Technical analysis of crude oil prices: weekly chart (January 2008 to June 2021) (Chart 3)
In previous crude oil price predictions, it was noted that “keeping in decisive territory, improvements in the technical structure over shorter time frames suggest that a breakout attempt may soon emerge… so the breakout has arrived; the rally to the 2018 high of 76.90 has started. While the 2018 high was not reached, it stands to reason that a pullback to lower time frames should be considered for potential opportunities to enter (or re-enter) the market on the long side. Until the pandemic uptrend breaks, there is no good technical reason to be bearish.
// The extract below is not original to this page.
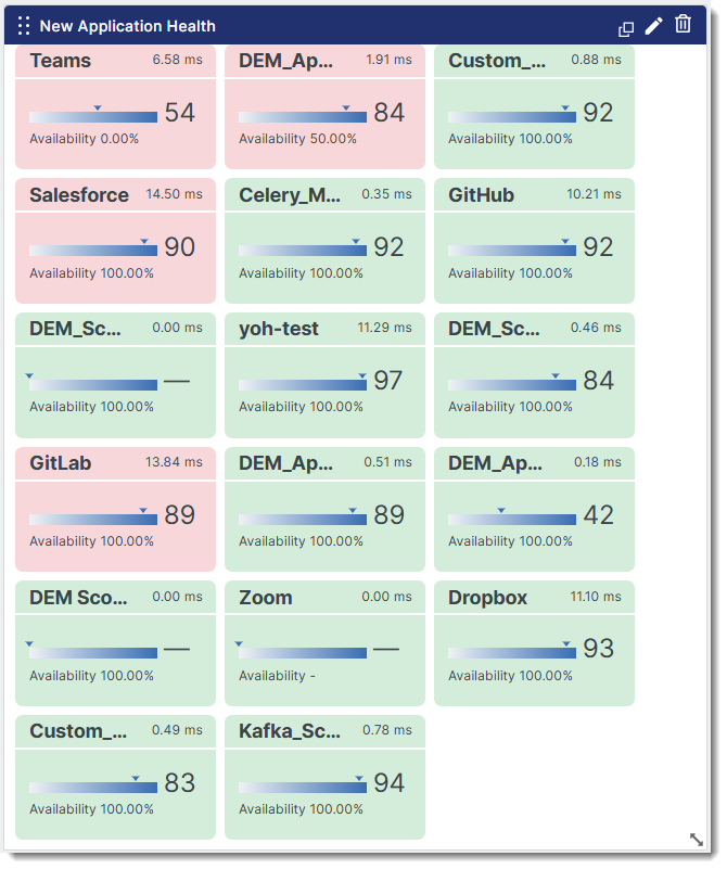 The Application Health widget is a single metric such as UX score, availability percentage, or average response time, that provides a summary of an application’s overall health.

IG CUSTOMER FEELING INDEX: CRUDE OIL PRICE FORECAST (June 29, 2021) (CHART 4)
Oil – US Crude: Retail trader data shows that 48.01% of traders are net buy with a short / long traders ratio of 1.08 to 1. The number of traders net buy is 3.07% lower than yesterday and 36.35% higher than last week. , while the number of net-short traders is 1.16% lower than yesterday and 7.62% lower than last week.
We generally take a contrarian view of crowd sentiment, and the fact that traders are net short suggests that US oil and crude prices may continue to rise.
The positioning is more net-short than yesterday but less net-short than last week. The combination of current sentiment and recent changes gives us a new mixed US Oil – Crude bias.